*Exercise instructions*. Print out each entry below exactly; do not carry over any image.

*Records to use*.

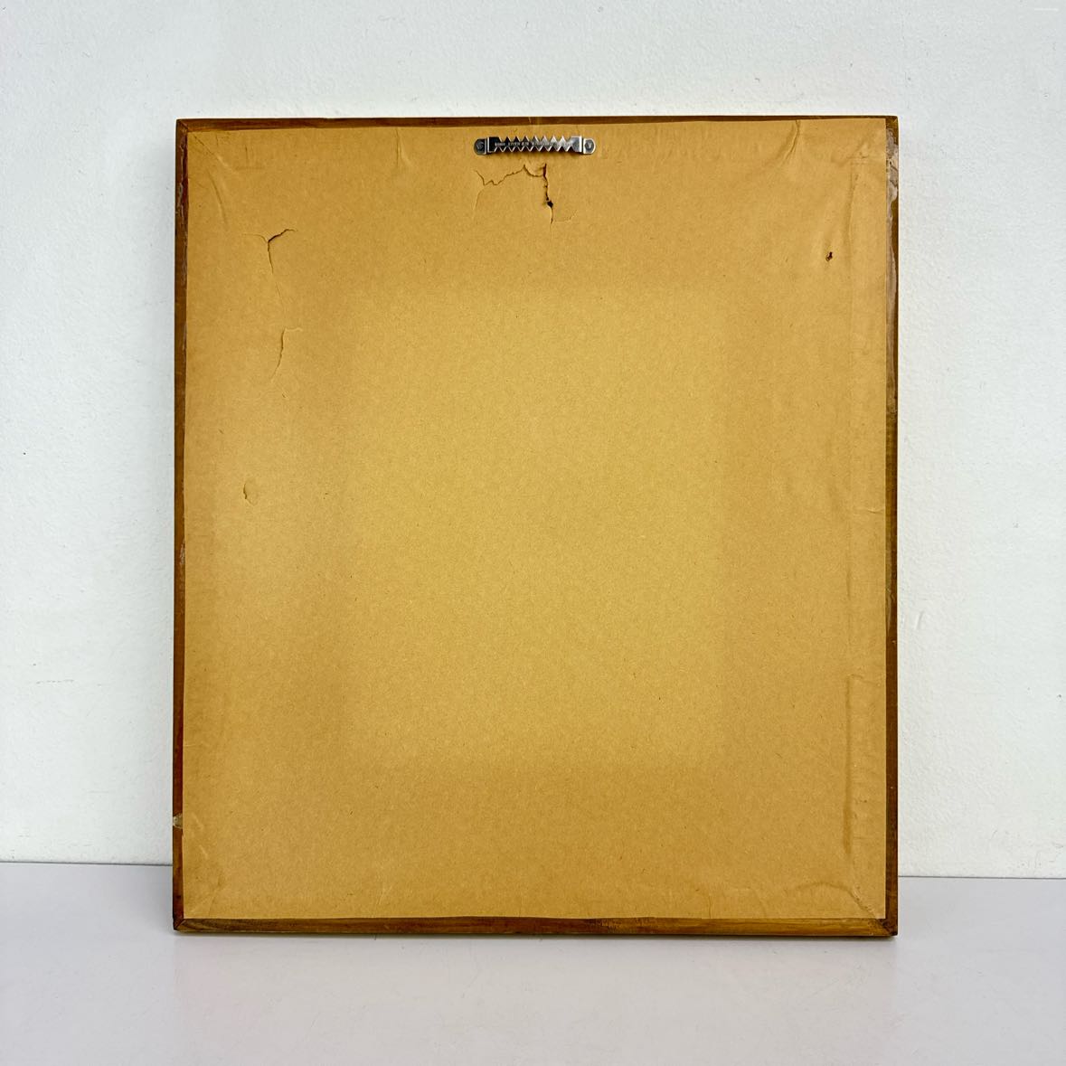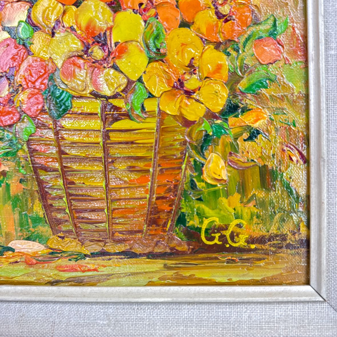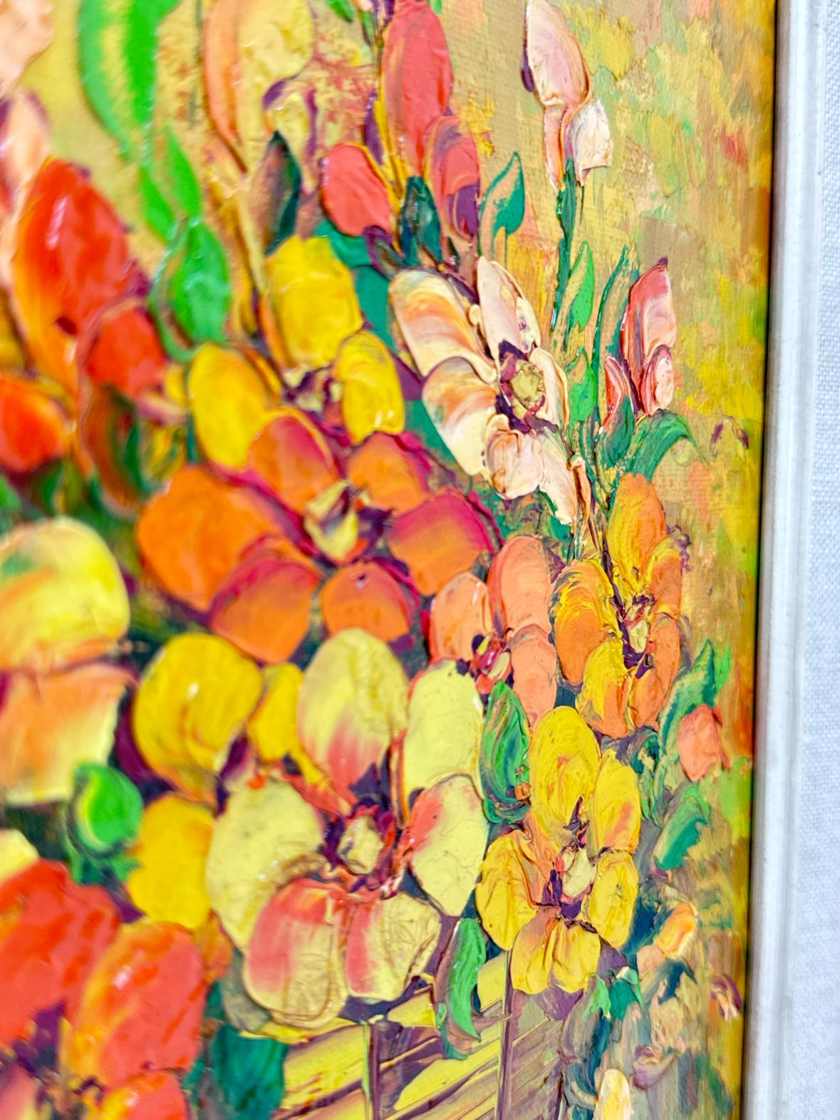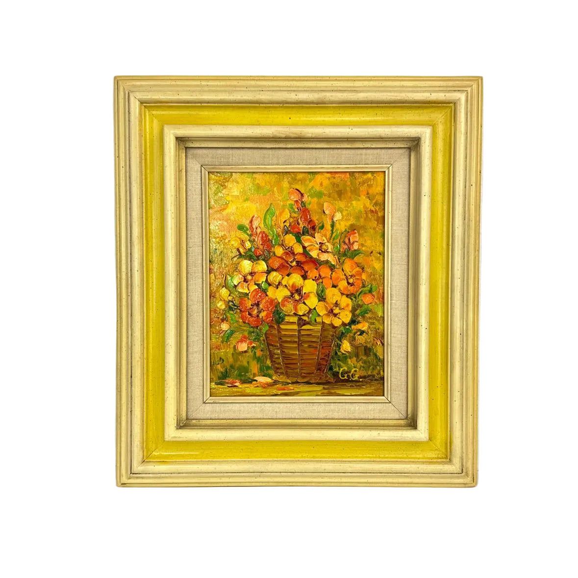 Adorable 1970s textural still life floral painting of yellow, orange and green flowers in a basket. The antiqued ivory and yellow wooden frame has a sawtooth hanger on the back. In excellent vintage condition with a couple of holes in the backing paper.
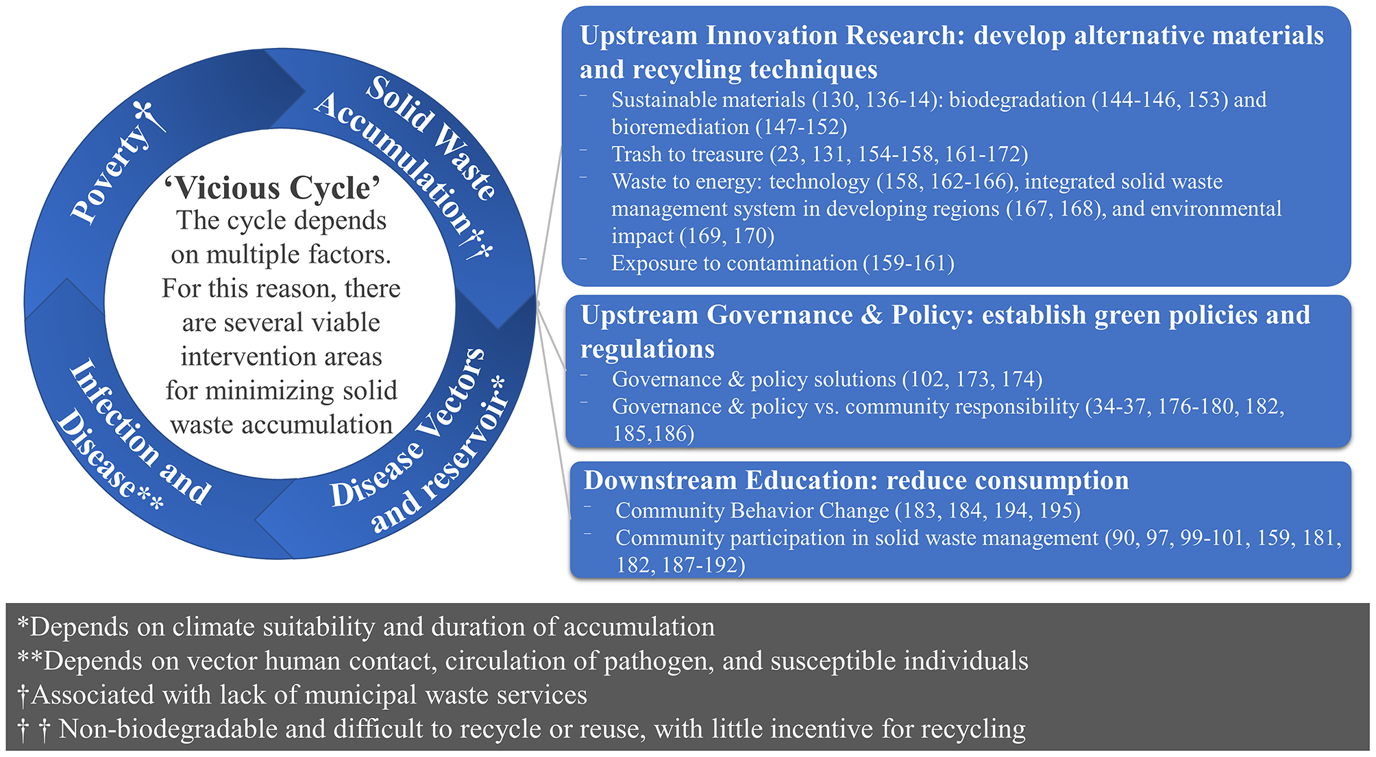 Background: Infectious disease epidemiology and planetary health literature often cite solid waste and plastic pollution as risk factors for vector-borne diseases and urban zoonoses; however, no rigorous reviews of the risks to human health have been published since 1994. This paper aims to identify research gaps and outline potential solutions to interrupt the vicious cycle of solid wastes; disease vectors and reservoirs; infection and disease; and poverty.
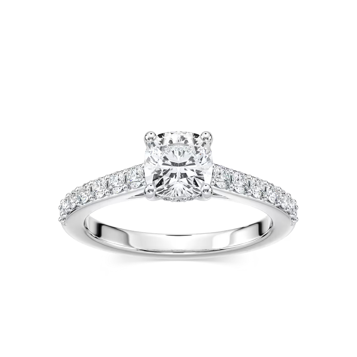 Cushion Shared Prong Engagement Ring with Hidden Halo
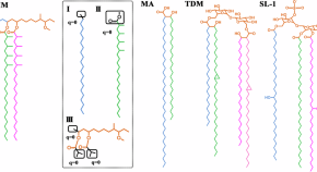 • Probing the biophysical properties of the complex lipids that form the cell envelope of Mycobacterium tuberculosis is experimentally challenging, and, at the same time, the accuracy of molecular dynamics simulations is hindered by a lack of dedicated force fields. Here, the authors develop all-atom Bacteria Lipid Force Fields (BLipidFF) for a series of representative membrane lipids, and show that they are able to capture membrane properties that are poorly described by general force fields, including the rigidity and diffusion rate of α-mycolic acid bilayers.
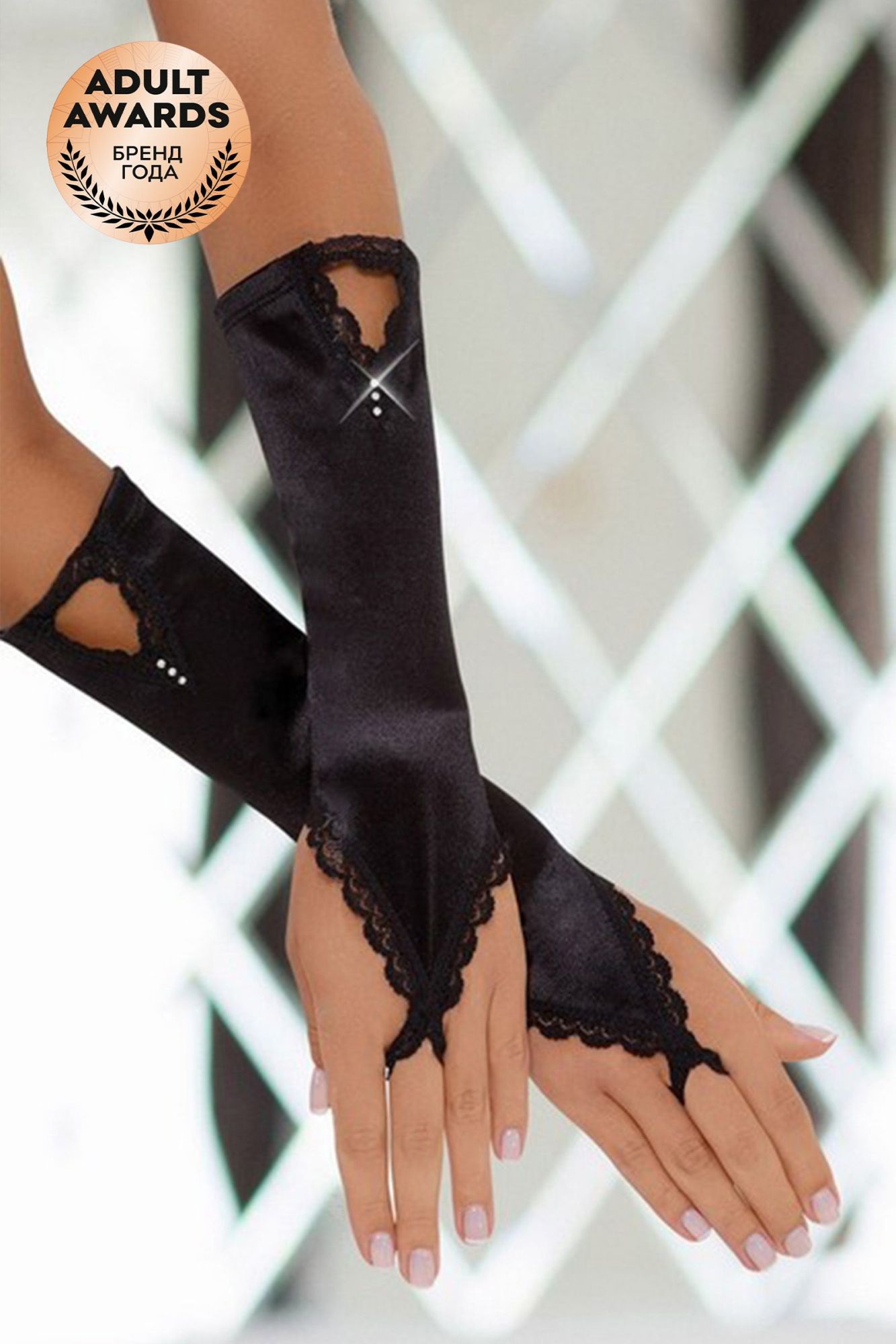 Перчатки атласные, украшенные стразами и кружевными элементами декора. Вырезы в виде треугольников у основания.
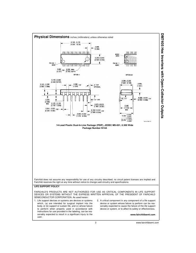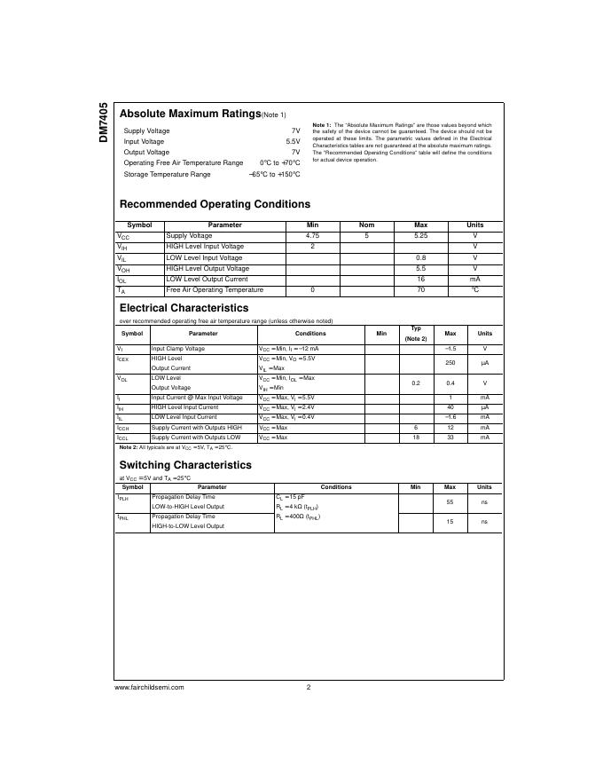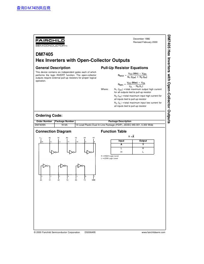 FAIRCHILD DM7405 Hex Inverters with Open-Collector Outputs 数据手册.pdf
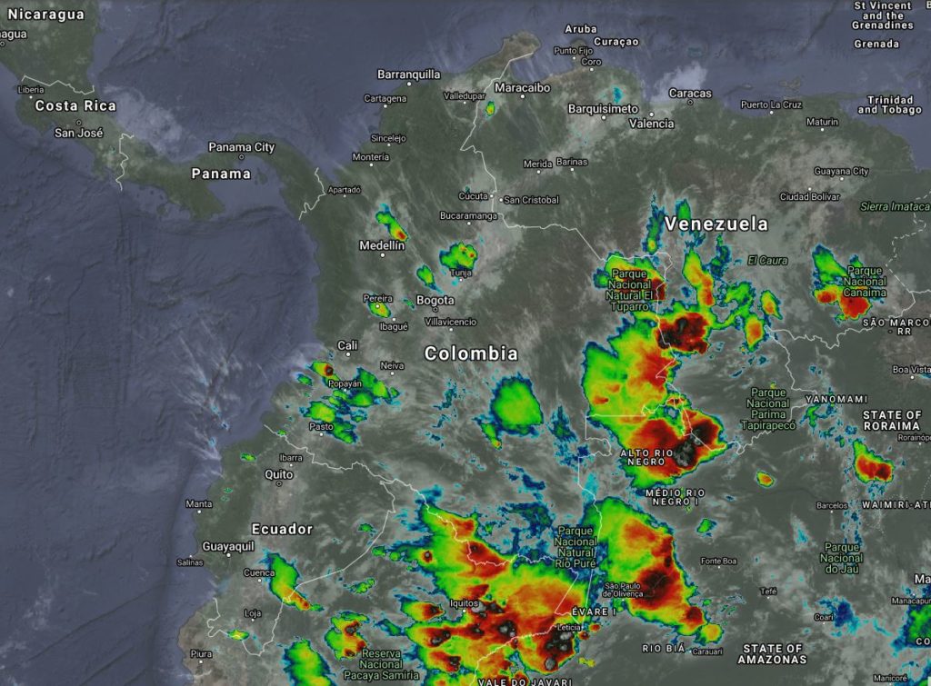Para esta noche la imagen satelital nos muestra cielo entre parcial y mayormente nublado en gran parte del territorio nacional, se prevén condiciones de tiempo seco en la región Caribe y de la Orinoquia, lluvias ligeras a fuertes en sectores de los departamentos de Norte de Santander, Arauca, Boyacá, Cundinamarca, Cauca, Nariño, Guainía, Vaupés, y Amazonas. Precipitaciones ocasionales y lluvias sectorizadas en Santander, Antioquia, Chocó, Valle del Cauca, Eje cafetero, Tolima, Huila, Putumayo, Caquetá, Guaviare y Vichada.
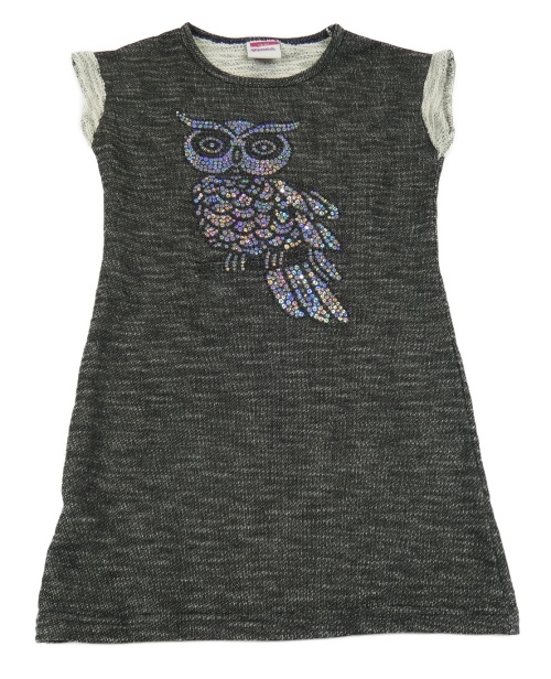Čierne melírované teplákové šaty so sovičkou z flitrů YIGGA

*Written response*.
 Adorable 1970s textural still life floral painting of yellow, orange and green flowers in a basket. The antiqued ivory and yellow wooden frame has a sawtooth hanger on the back. In excellent vintage condition with a couple of holes in the backing paper.
 Background: Infectious disease epidemiology and planetary health literature often cite solid waste and plastic pollution as risk factors for vector-borne diseases and urban zoonoses; however, no rigorous reviews of the risks to human health have been published since 1994. This paper aims to identify research gaps and outline potential solutions to interrupt the vicious cycle of solid wastes; disease vectors and reservoirs; infection and disease; and poverty.
 Cushion Shared Prong Engagement Ring with Hidden Halo
 • Probing the biophysical properties of the complex lipids that form the cell envelope of Mycobacterium tuberculosis is experimentally challenging, and, at the same time, the accuracy of molecular dynamics simulations is hindered by a lack of dedicated force fields. Here, the authors develop all-atom Bacteria Lipid Force Fields (BLipidFF) for a series of representative membrane lipids, and show that they are able to capture membrane properties that are poorly described by general force fields, including the rigidity and diffusion rate of α-mycolic acid bilayers.
 Перчатки атласные, украшенные стразами и кружевными элементами декора. Вырезы в виде треугольников у основания.
 FAIRCHILD DM7405 Hex Inverters with Open-Collector Outputs 数据手册.pdf
Para esta noche la imagen satelital nos muestra cielo entre parcial y mayormente nublado en gran parte del territorio nacional, se prevén condiciones de tiempo seco en la región Caribe y de la Orinoquia, lluvias ligeras a fuertes en sectores de los departamentos de Norte de Santander, Arauca, Boyacá, Cundinamarca, Cauca, Nariño, Guainía, Vaupés, y Amazonas. Precipitaciones ocasionales y lluvias sectorizadas en Santander, Antioquia, Chocó, Valle del Cauca, Eje cafetero, Tolima, Huila, Putumayo, Caquetá, Guaviare y Vichada.
Čierne melírované teplákové šaty so sovičkou z flitrů YIGGA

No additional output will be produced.